Mientras caminaba, su mente enfebrecida por el frío lo llevó a sus primeros años de vida. Su infancia fue difícil. No conoció a su madre. Su padre lo mantuvo algunos años, hasta que un día desapareció, dejándolo a su suerte. Vivió en varios orfanatos, donde nunca le faltó techo y comida. Durante esos años comenzó a interesarse por el misticismo. Leyó todo tipo de libros que despertaron su espiritualidad. Desde Herman Hesse hasta el libro tibetano de los muertos. Todo le parecía fascinante. Pero los que más le llamaban la atención eran aquellos que hablaban de la naturaleza como deidad.
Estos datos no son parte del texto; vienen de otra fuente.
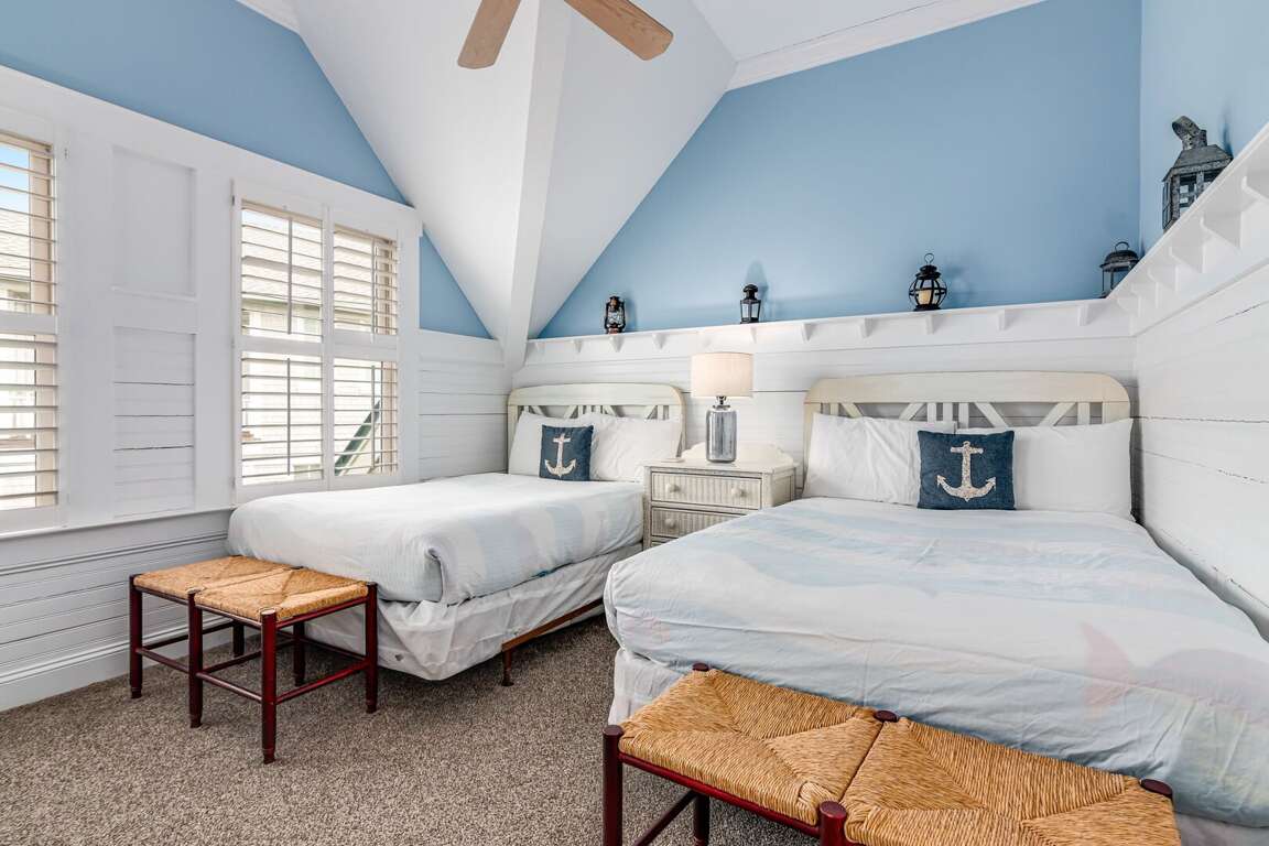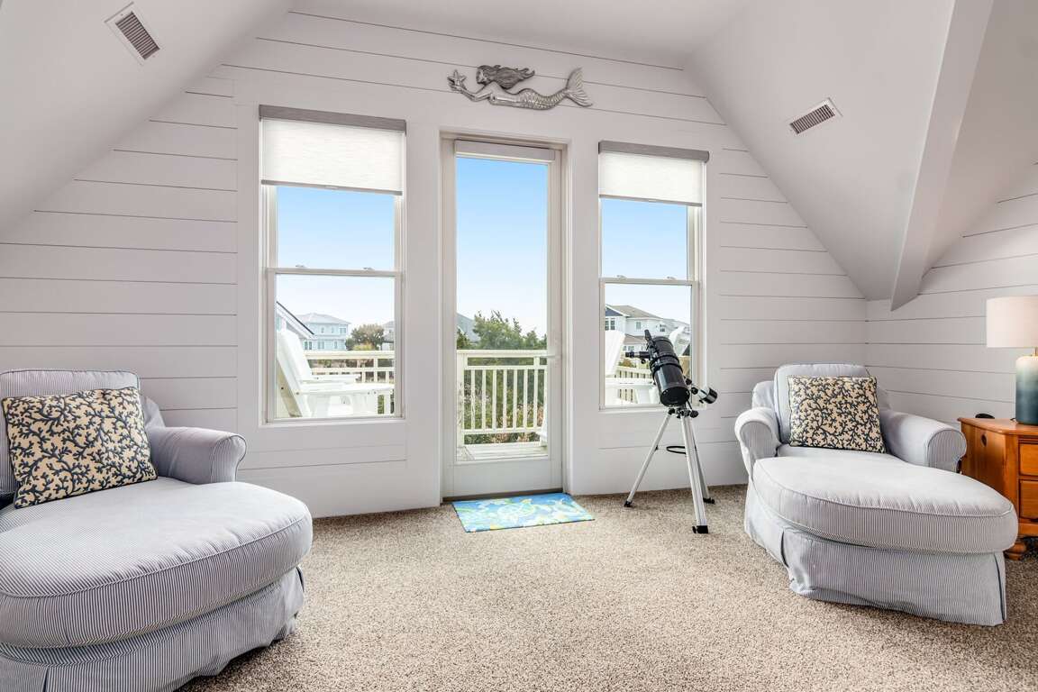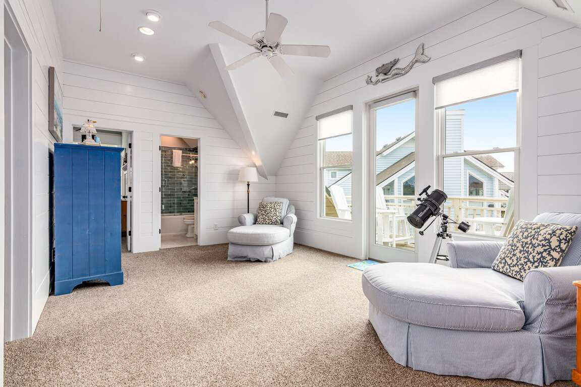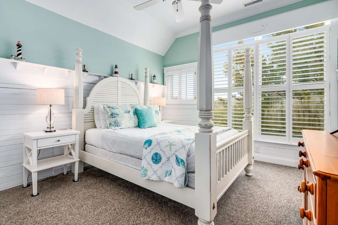 Upstairs, are two more bedrooms, a loft and an awe-inspiring ocean-view deck with comfortable seating. The first bedroom up here is furnished with two Double beds and uses the full bath conveniently located across the hall. The Queen Suite boasts its own full bath and a large closet. Don't miss the loft and the ocean-view deck-two terrific spots for reading, napping or just hanging out with your favorite drink! Rental of this property includes usage of two golf carts: a four-passenger and a six-passenger. If you are looking for an unforgettable vacation, Carpe (seize) Seas the Day!

Isis, Tiamat, Afrodita, Gea, María, Pachamama, para él todas eran la misma, La Madre Tierra, la gran diosa madre de los mil nombres.

Antes de cumplir los dieciocho, se escapó del orfanato en turno y emprendió un largo viaje sin destino. De aventones, recorrió múltiples caminos. Durmió en la playa, en el bosque, en la selva, en el desierto y en las altas montañas del sur. Un día, después de un largo viaje psicodélico, despertó en la ciudad. Decidió quedarse un tiempo, fascinado por el bullicio interminable de las calles. Sintió una extraña atracción por la ciudad que lo apretaba. Nadie le prestaba atención, sin embargo, nunca se sentía solo. Comenzó a recorrer las calles, a vivir en ellas, sentía que la ciudad lo acogía en sus entrañas. Y así pasó los años, sobreviviendo en las calles llenas de basura, durmiendo en los rincones, comiendo entre los perros y vistiendo ropa vieja con olor a rata muerta.
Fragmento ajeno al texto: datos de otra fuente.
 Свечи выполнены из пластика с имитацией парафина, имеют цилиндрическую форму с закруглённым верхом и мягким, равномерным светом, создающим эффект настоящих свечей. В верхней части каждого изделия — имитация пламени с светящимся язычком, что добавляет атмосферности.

Siguió caminando con dificultad y en silencio. Llegó al tiradero de un gran almacén. Ahí se acumulaban toda clase de desperdicios. Con un poco de suerte, se podía encontrar un buen trozo de pan, alguna fruta aplastada e incluso un poco de carne en buen estado. Decidió buscar en el contenedor de mayor tamaño. De pronto, palpó un extraño paquete, era una bolsa negra. La abrió y sintió que su corazón se detenía. Estaba llena de billetes, muchos billetes. No sabía qué hacer, sintió miedo, sus manos le temblaban. Por un momento pensó en irse y dejar la bolsa ahí, entre las ratas. Pero no pudo moverse, se quedó observando el paquete, sintiendo el papel entre sus manos. El ruido de unas voces a lo lejos lo sacó de su letargo. Tomó la bolsa, la metió en un costal de latas y se alejó con el paquete en su espalda. Regresó al lugar donde dormía, sacó el paquete, lo envolvió en periódico y lo metió en un morral desgastado. Se tendió sobre el cartón usando el morral como almohada. Trató de dormir, pero le fue imposible. Al amanecer se levantó, se colgó el morral y siguió con sus hábitos cotidianos. Pasaron los días y no se decidía a abrir el paquete. Sin embargo, a donde iba, siempre lo llevaba encima.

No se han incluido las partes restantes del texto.